In May 2023, the SAMR issued the Measures for the Administration of the Review of Advertisements for Drugs, Medical Devices, Health Foods and Foods for Special Medical Purposes (Draft for Public Comment) (the “Draft”), revising the Interim Administrative Measures for Censorship of Advertisements for Drugs, Medical Devices, Dietary Supplements and Foods for Special Medical Purpose that has been implemented for over three years. 

If the Draft take effect, the following new restrictions will be applied to the Adverts for medicines and medical devices:

• New labeling and indication requirements. The Draft further requires medicine advertisements to conspicuously indicate generic names and medical device advertisements to indicate product names.
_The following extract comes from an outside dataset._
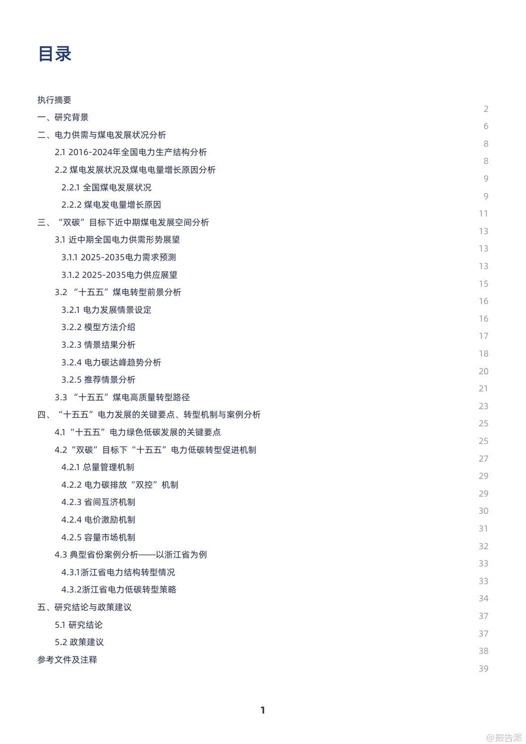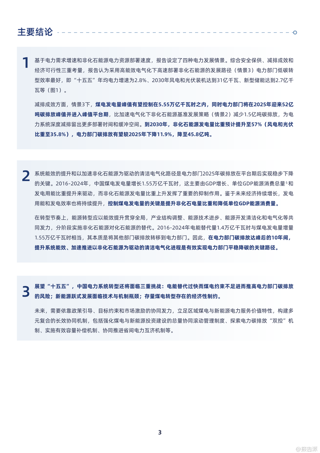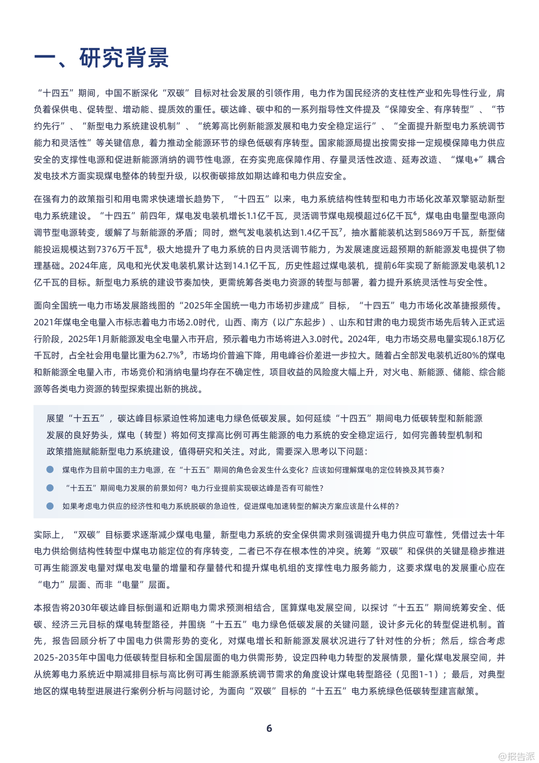 | 中国作为全球第一大煤炭消费国,煤电长期承担着电力系统“保供”与“调峰”的双重角色。 进入“十五五”关键期,如何在保障电力安全的前提下实现低碳转型,成为能源领域的核心议题。 近日,由绿色和平、华北电力大学(保定)等机构联合发布的《2025迈向“十五五”煤电何去何从:转型路径与多元机制研究报告》给出了系统性解答。 报告指出,“十四五”期间,尽管新能源装机迅猛增长,风电光伏累计装机已于2024年历史性超过煤电,但煤电发电量仍持续攀升,2024年达5.5万亿千瓦时,占总发电量超五成。 这背后既有经济增长、电能替代加速的驱动,也暴露出新能源消纳难、系统灵活性不足的深层矛盾。 更值得关注的是,煤电利用小时数回升至4500小时以上,部分省份甚至出现煤电建设“回潮”,新核准装机达2.78亿千瓦,为“十三五”时期的近两倍,这无疑加大了碳达峰目标的实现难度。 面向2025-2035年,报告通过构建四种发展情景,明确指出电力行业有望在2025年提前实现碳达峰。 其中,最优路径为“高能效电气化+高速部署非化石能源”(情景3)。 在此情景下,煤电发电量峰值可控制在5.55万亿千瓦时以内,电力碳排放将于2025年达峰于52亿吨,此后稳步下降。 到2030年,非化石能源发电量比重将提升至57%,风电光伏装机达31亿千瓦,新型储能达2.7亿千瓦。 报告强调,煤电的未来不在“电量”而在“电力”。 其角色必须从“电量型电源”向“基础保障型和系统调节型电源”加速转型。 这意味着煤电将更多承担顶峰保供、深度调峰、应急备用等功能,利用小时数将逐步走低。 为此,报告呼吁建立多元协同机制:一是强化煤电与新能源的总量协同滚动管理,避免无序扩张;二是探索电力碳排放“双控”机制,将碳强度作为约束性指标;三是完善省间互济机制,提升跨区域资源优化配置能力;四是深化电价激励与容量市场机制,让提供可靠容量和灵活调节服务的机组获得合理回报。 以浙江为典型案例,报告展示了转型的可行路径:通过严控煤电规模、大力发展海上风电与分布式光伏、强化省间电力互济(如与安徽开展电力置换)、并依托成熟的电力市场机制实现新能源100%消纳,浙江已实现新能源装机反超煤电,为全国提供了“受端电网”转型样板。 总而言之,煤电转型是一场“先立后破”的系统性工程。 唯有在需求侧坚持节能优先、提升能效,在供给侧加速清洁能源替代,并同步构建适应高比例新能源的新型电力系统与市场机制,才能真正实现安全、低碳、经济的“不可能三角”平衡,为中国碳中和目标奠定坚实的电力基石。 出品方:绿色和平 发布时间:2025年 文档页数:40页

Where full listing of contraindications and adverse reactions is not possible, main contents shall be indicated along with “see instructions for details”. All contents should be conspicuously indicated per law when ads are published.
• Expanded negative list of ad contents, newly prohibiting: (1) Use or disguised use of military unit names, troop numbers/codes, military-specific terms, military insignia patterns or similar; (2) Recommendations or endorsements under the name or image of consumer organizations; (3) Inciting arbitrary or excessive use of medical devices; (4) Theoretical references, viewpoints, literature citations, research reports, proof of experiments etc. beyond instructions; and (5) Use of minors to introduce the four product categories.
• Live streaming advertising. The Draft prohibits (i) disguised ads in live streams via health/wellness content introduction; and (ii) spokespersons recommending/endorsing the medicines and medical devices in live streams. 

The Draft also puts revisions for optimising rules and procedures for reviewing advertisements of medicines, medical devices, health foods and special medical purpose foods:

• provides time limits for review agencies processing applications to increase predictability;
• requires applicants to actively apply for cancellation if changes are made elements like functions, indications pharmacological effects and intended use etc., of medicines and medical devices;
• permits non-reapplication for certain non-substantive visual and peripheral changes;
• stipulates automatic invalidation of approval numbers if advertised medicines and medical devices are legally ordered to stop production/sales/use;
• exempts legally required medicines and medical devices information display on authorization holders’ , manufacturers’ and dealers’ own media from advertising review;
• mandates separate review applications for linked content in advertisements if that content is legally subject to mandatory review.